What are people just at the upper age of when this Privatizing kicks in.  People in their early 50's.. or upper 40's   HOW are they supposed to be able to save enough for a comfortable retirement in 10 years?   Or I guess since they were not saving... regardless of the reason.. maybe health problems.. maybe family obligations...maybe job loss..  etc..  Tough for them?


----------



## Don M. (Dec 17, 2016)

QuickSilver said:


> No PENSIONS were the best thing...  401K's simply shifted the risk from the Corporation to the individual..   I have 3 pensions coming in.. and they will continue until I die... regardless  of what the market does.    I would have hated to go through the 2008 market crash and have been dependent solely on my 401ks for my income.   Remember?  when the market was down to 6,000...  What would have happened to seniors then without their Social Security?
> 
> What are people just at the upper age of when this Privatizing kicks in.  People in their early 50's.. or upper 40's   HOW are they supposed to be able to save enough for a comfortable retirement in 10 years?   Or I guess since they were not saving... regardless of the reason.. maybe health problems.. maybe family obligations...maybe job loss..  etc..  Tough for them?



You are Partially Correct...Pensions WERE the best thing.  However, in recent years, fewer and fewer companies are offering pensions....and even many of those who have offered pensions are beginning to default.  The government maintains a program...the PBGC...which is supposed to prop up pension plans for companies that default....but that program is severely underfunded....88 billion in assets, with double that in obligations.  It won't be long before that program is in trouble.
Yes, the market suffered a massive loss in 2007, but it has rebounded and moved even higher.  Anyone with an IRA managed by a worthwhile fund, or self managed, saw their assets moved to safer havens during that time, and the losses were a fraction of the overall market losses.  
Bottom line....times have changed, and will continue to do so.  Individuals are going to be held responsible, more and more, for their own well being in retirement.  That may not be Pretty, but it is the reality that is coming closer with every passing year.  With longevity on the increase, and millions of people relying more and more on the government for financial security, something is going to "give".  Either taxes will have to be increased by a substantial margin, or people are going to have to recognize, at an early age, that saving and investing is a Must, if they expect to live decently in retirement.


----------



## Aunt Bea (Dec 17, 2016)

This is an interesting timeline of pension plans and Social Security in America, take a look.

http://scholarship.law.georgetown.edu/cgi/viewcontent.cgi?article=1049&context=legal


----------



## Lon (Dec 17, 2016)

I have no fear at all.


----------



## Buckeye (Dec 17, 2016)

If things get really bad, I'm just going to move in with Lon!


----------



## QuickSilver (Dec 17, 2016)

Looks like lon can afford to support all of us..


----------



## Lon (Dec 17, 2016)

QuickSilver said:


> Looks like lon can afford to support all of us..



Fear & Worry are all for naught and no one on this Forum will effect what will be.   As A Well Known Person once said  "The only Thing We Have to Fear is continuing Liberal Influence."


----------



## QuickSilver (Dec 17, 2016)

Lon said:


> Fear & Worry are all for naught and no one on this Forum will effect what will be.   As A Well Known Person once said  "The only Thing We Have to Fear is continuing Liberal Influence."



Please outline what you believe to be "liberal influence"...  You throw that word around a whole lot...and I imagine you  saying  it sort of like spitting out a hairball.  .  Just curious what you believe it to mean.


----------



## dpwspringer (Dec 18, 2016)

QuickSilver said:


> Please outline what you believe to be "liberal influence"...  You throw that word around a whole lot...and I imagine you  saying  it sort of like spitting out a hairball.  .  Just curious what you believe it to mean.


"I imagine you  saying  it sort of like spitting out a hairball"... do you know how to communicate with people that have a different opinion without being insulting?
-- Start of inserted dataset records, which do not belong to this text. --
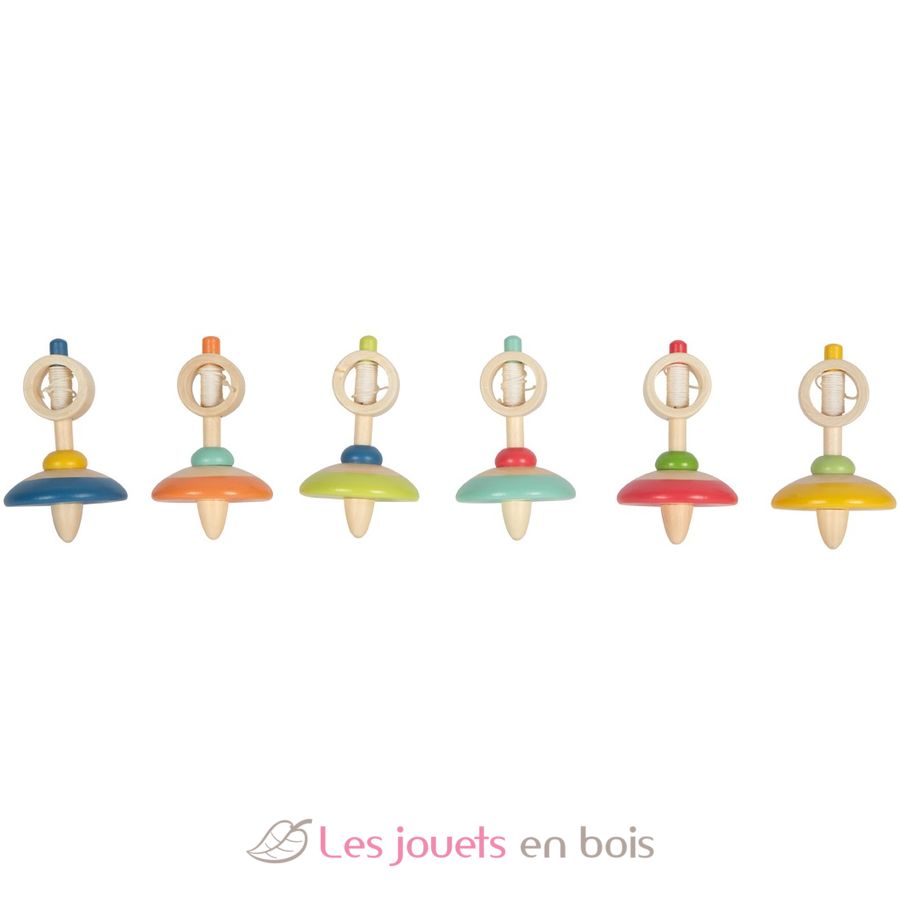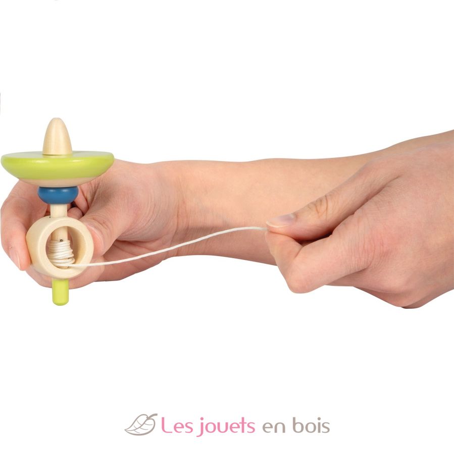 Dieser farbenfrohe Holzkreisel mit Aufziehfunktion besticht durch seine Dynamik!
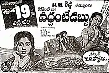 Vaddante Dabbu (transl.Endless Money)[1] is a 1954 Indian Telugu-language screwball comedy film directed by Y. R. Swamy.[2] It was produced by Moola Narayana Swamy and presented by H. M. Reddy on Rohini Pictures banner. The film stars N. T. Rama Rao, Sowcar Janaki and Jamuna, with music composed by T. A. Kalyanam. It is based on the George Barr McCutcheon novel Brewster's Millions (1902). Despite originally opening to a mixed response, it attained cult status in Telugu cinema, and was remade in the same language as Babai Abbai (1985).
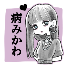 ちょっぴり病んでる可愛い女の子のスタンプです。ヤンデレ、メンヘラ、ゴシック、ダークファッション、黒色、オシャレ、黒髪好きさんに。
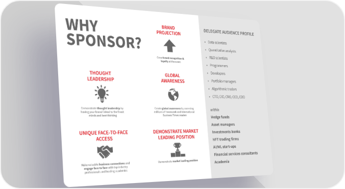 BRAND DELEGATE AUDIENCE PROFILE PROJECTION WHY • Data scientists SPONSOR? • Quantitative analysts Grow brand recognition & • R&D scientists loyalty at the event • Programmers THOUGHT GLOBAL • Developers LEADERSHIP AWARENESS • Portfolio managers • Algorithmic traders • CTO, CIO, CRO, CCO, COO Demonstrate thought leadership by Create global awareness by accessing within having your brand linked to the finest millions of Newsweek and International minds and best thinking Business Times readers Hedge funds Asset managers UNIQUE FACE-TO-FACE DEMONSTRATE MARKET Investments banks ACCESS LEADING POSITION HFT trading firms AI/ML start-ups Financial services consultants Make valuable business connections and Demonstrate market leading position Academia engage face to face with top industry professionals and leading academics
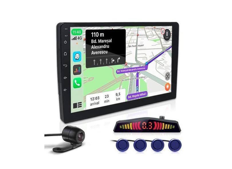 Kit Multimídia 9 Polegadas + Câmera Ré + Sensor Ré Azul Nissan March 2
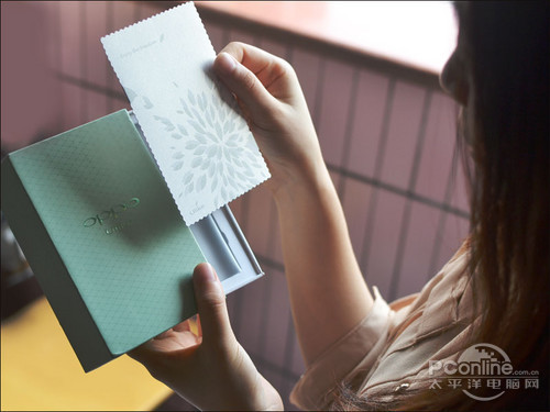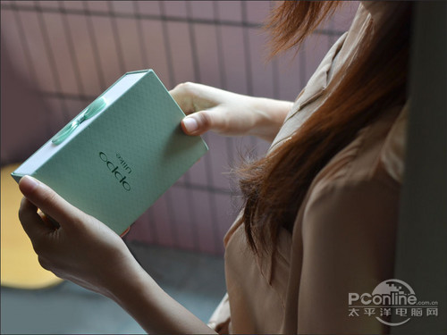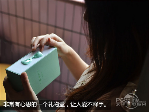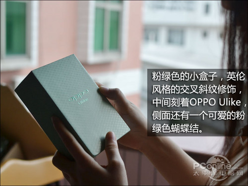 粉绿色的小盒子,英伦风格的交叉斜纹修饰,中间刻着OPPO Ulike,侧面还有一个可爱的粉绿色蝴蝶结。非常有心思的一个礼物盒,让人爱不释手。

Just curious what you think that accomplishes.


----------



## QuickSilver (Dec 18, 2016)

dpwspringer said:


> "I imagine you  saying  it sort of like spitting out a hairball"... do you know how to communicate with people that have a different opinion without being insulting? Just curious what you think that accomplishes.



  It's an old expression used when someone says something disdainfully.  Actually, I cleaned it up a bit.. the actual expression is PUKING out a hairball... But anyway,    no insult was intended..

   By the way...you sound familiar... have you been here before?


----------



## OneEyedDiva (Dec 25, 2016)

My SS, which I invest, makes up 37% my retirement income, not counting income distributions from my funds. I take less than 25% of my divs and caps each year.  One of my favorite funds happens to be a utility fund I've had for decades. The SS administration has already "warned" that there will be a 23% cut in benefits across the board by 2033 or 2034. Being I like to play with numbers, I figured out how I would budget should that reduction take place along with a 50% reduction in my pension. At that point I would not have to take distributions from my investments, I would simply stop saving/investing. Considering our low housing costs (mortgage paid off), great retiree benefits, our frugal tricks and a debt free lifestyle, at this time I don't fear changes in SS.


----------